With cloning success comes some trouble


By ELLIS HENICAN

LONG ISLAND NEWSDAY

If Dolly weren’t dead already, she’d be awfully proud today.

She got a brand-new baby brother. Or was it a cousin? Or a nephew twice-removed? In the brave new world of genetic cloning, the terminology is still a little confused.

But this much is certain: The first cloned mammal ever, created in 1996 from the mammary cells of a Finn Dorset sheep and named for curvaceous country singer Dolly Parton, can now gaze proudly from that Great Meadow in the Sky.

Dolly was euthanized in 2003 on account of an illness unrelated to the cloning. But the promise she symbolized and the challenge she raised both live grandly, unmistakably, inevitably on.

And lots of people thought this day would never arrive.

But a scientist-CEO at a small, private lab in California soldiered on. His name is Sam Wood. His company is Stemagen. Not so long ago, he scraped some cells from his arm and injected them into human female eggs that had been treated to remove their own genetic material. He let the cells grow in there for just eight days.

Voila!

Independent tests showed that these developing embryos carried Wood’s unique DNA. Yep, he’d created the earliest precursor of a little baby Sammy, concocted straight from the cells of the grown-up one.

Destroyed embryos

Wood destroyed the embryos before they could grow up and start demanding $200 sneakers or money for college tuition. But had the little clones been allowed to grow and then implanted in a uterus — who knows? They truly might have become living, breathing genetic replicas of the scientist himself.

“We believe that this is the future,” he said Thursday, less the proud papa than the proud scientist.

He wasn’t talking little Sammys. Not yet anyway.

He was talking about the promise of humans to create “patient-specific stem cells” — the raw material for all of the body’s specialized tissues from heart to muscle and more.

These stem cells, he said, are “the holy grail,” which scientists will use to cure juvenile diabetes, spinal-cord injuries, MS, Parkinson’s disease and who knows what other dreadful human ailments.

But you can already hear the bleating — and I don’t just mean the ovine kind.

The anti-stem-cell absolutists, with President George W. Bush on their side, were moving anew to stop the research. The science-fiction nut jobs were imagining cloned armies of human killing machines. Lab entrepreneurs in Korea, China, England and elsewhere were suddenly worried that their precious head start on cloning technology was about to be snatched back by a few forward-looking biotech researchers in the United States.

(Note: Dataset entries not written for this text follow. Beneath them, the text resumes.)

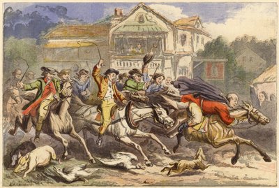 john gilpins famous ride · william cowper · poem · literature · shopkeeper · london · edmonton · gatekeeper · calenderer · donkey · highwayman · humour · riding · horse · comic · comedy · holding · duck · Private Collection / Bridgeman Images · / Look and Learn
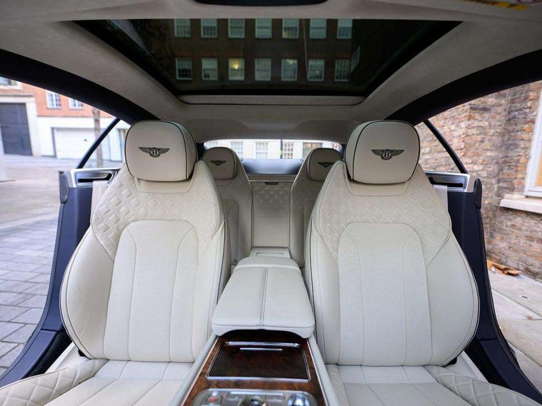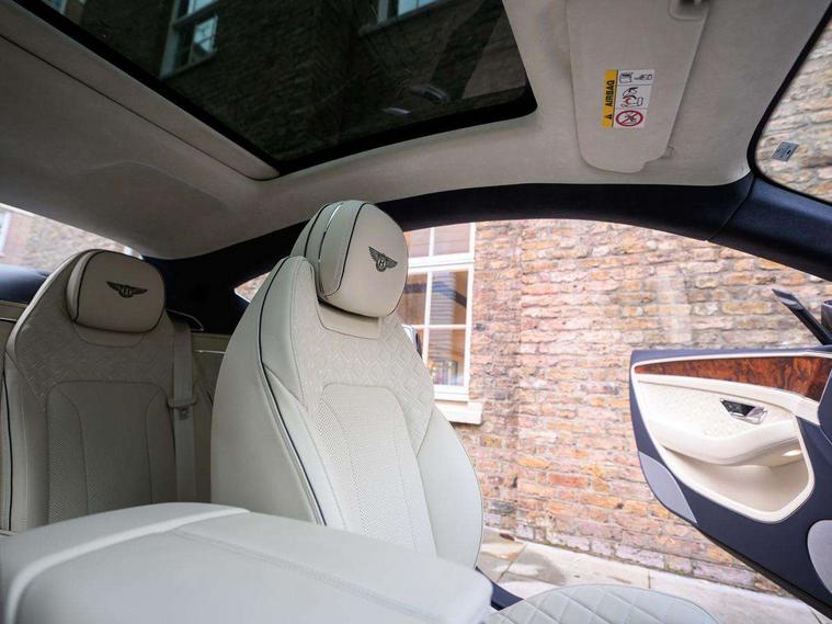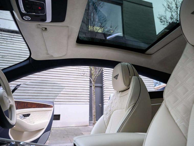 Apple car play, Blind spot warning, Bluetooth and Wi-Fi audio streaming, Brake pad wear indicator warning light, City assist, Collision prevention assist, E-call, Front/rear park distance control, Hands free boot opening, Infotainment system with 12.3 high resolution touch screen retina disp + proximity sensors + advance music interface, single DVD/CD, 2 SD card slots, Navigation system, Park assist system, PAS, Power latching to all doors for easy entry, Reversing camera, Reversing traffic warning, Top view camera, Traffic sign recognition, Trip computer, 3 Chamber air suspension with continuous damping control, Battery charger, Dynamic ride height control + ground clearance function, 60GB hard drive, Acoustic and heat insulating front windscreen, Acoustic glass, Adaptive brake lights, Auto dimming door mirrors, Auto dimming rear view mirror, Automatic headlights, Black and Chrome bonnet and boot Bentley wing badges, Bright boot finisher, Daytime running lights, Deployable rear boot spoiler, Electrically adjustable door mirrors with heating, power fold, memory and dip on reverse functions, Full LED Matrix headlamps with high-beam assist, Full LED tail lamps, Heated rear windscreen, LED third brake light, Rain sensing windscreen wipers, Rear boot, Treadplates inner with "Handbuilt in Crewe, England" inserts, Twin oval exhaust finishers, 12v power sockets 2 in cabin and 1 in boot, 2 cupholders in front centre console, 2 individual seats in 2nd row, Bentley hide upholstery, Black seat belt buckles, Boot carpet in Beluga, Boot lid down lighters, Deep Pile Carpets to match upholstery, Electric tilt and reach adjustment steering column with memory and easy entry functions, Four occupant seating positions, Leather trimmed gearshift lever, Lockable cooled glovebox, Metal bulls eye vents with organ stop, Multi-zone automatic climate control - two zone, Rear headrests, Seats with straight fluted style hide cover, Single front armrest with fore/aft adjust and stowage, Single front passenger seat, Ski hatch, Steering wheel gearshift paddles, Stowage to front doors, centre console and under centre armrest, Sunvisors with illuminated vanity mirrors, Two rear seats with centre stowage and cup holders including 12v socket and 2 USB charging points, Driver and passenger airbags, Electronic parking brake with drive away assist, Electronic stability programme with traction control, Anti lock braking System , Electronic brake force distribution, HBA + drag torque control, Electronic tyre pressure monitoring, Exit warning, Front vented 420x40mm disc brakes with Bentley branded black brake callipers, Multicollision braking system, Pedestrian warning, Pre crash system, Pre sense braking system, Rear vented 380x30mm disc brakes with Bentley branded black brake callipers, Side airbags, Torque vectoring brake, Alarm, Bentley GPS advanced tracking system, Immobiliser, Keyless entry and start, 21" Summer tyres, Tyre inflation kit,
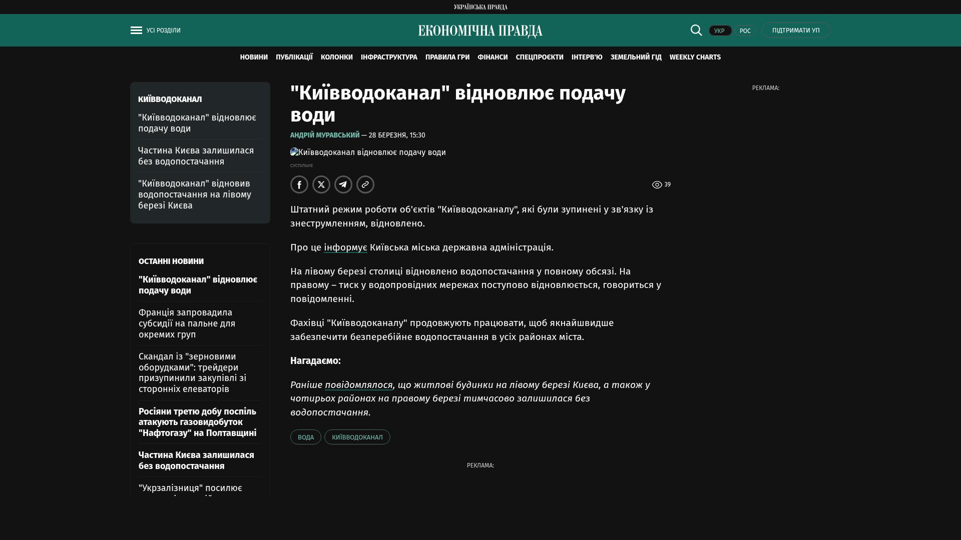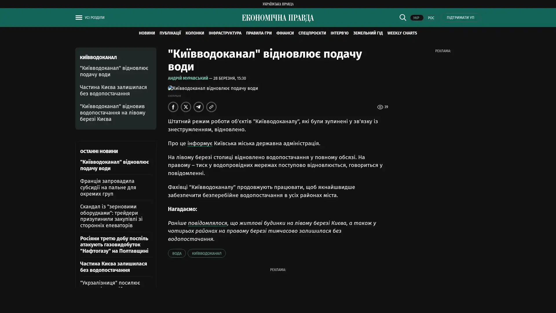 Der reguläre Betrieb der Anlagen von „Kyjiwvodokanal“, die aufgrund eines Stromausfalls stillgelegt waren, wurde wieder aufgenommen.
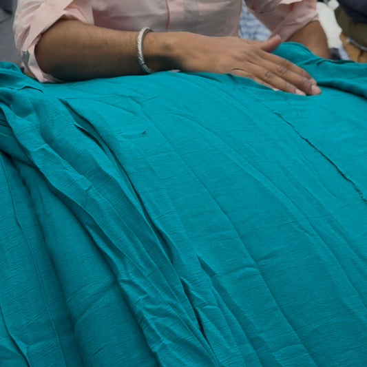 Solid Crinkled Tiffany Blue Crepe Fabric

It’s at times like these that we always turn to Art Caplan.

“The evil arm implication is blown way out of proportion,” said Caplan, who heads the department of medical ethics at the University of Pennsylvania and is known for discussing complex issues in relatively plain English. “If you want an evil army, it’s a whole lot faster to hire one than to grow one.”

Cloning, of course, just creates genetic matches. It’ll never account for experience, upbringing and a thousand other social influences. “Then when you tell the cloned kid what to do, the first thing the kid will tell you is, ‘I don’t want to do that.”’

But the stem-cell possibilities of cloning, he said, really are huge. Despite recent advances in adult stem cells, the chance to build from scratch still offers huge advantages, Caplan said. “These are stem cells you can turn into a body repair kit just for you. Table for one! Cloned, it’s me!”

There are still big challenges ahead. The biggest: If there’s a huge new demand for cloned stem cells, where will all the eggs come from?

“Every time you clone, you need eggs,” Caplan said. “If this catches on, where will hundreds of thousands of eggs come from? What are the ethical implications there?”

Surely, Dolly never wrestled with anything so complicated.

X Ellis Henican is a columnist for Newsday. Distributed by McClatchy-Tribune Information Services.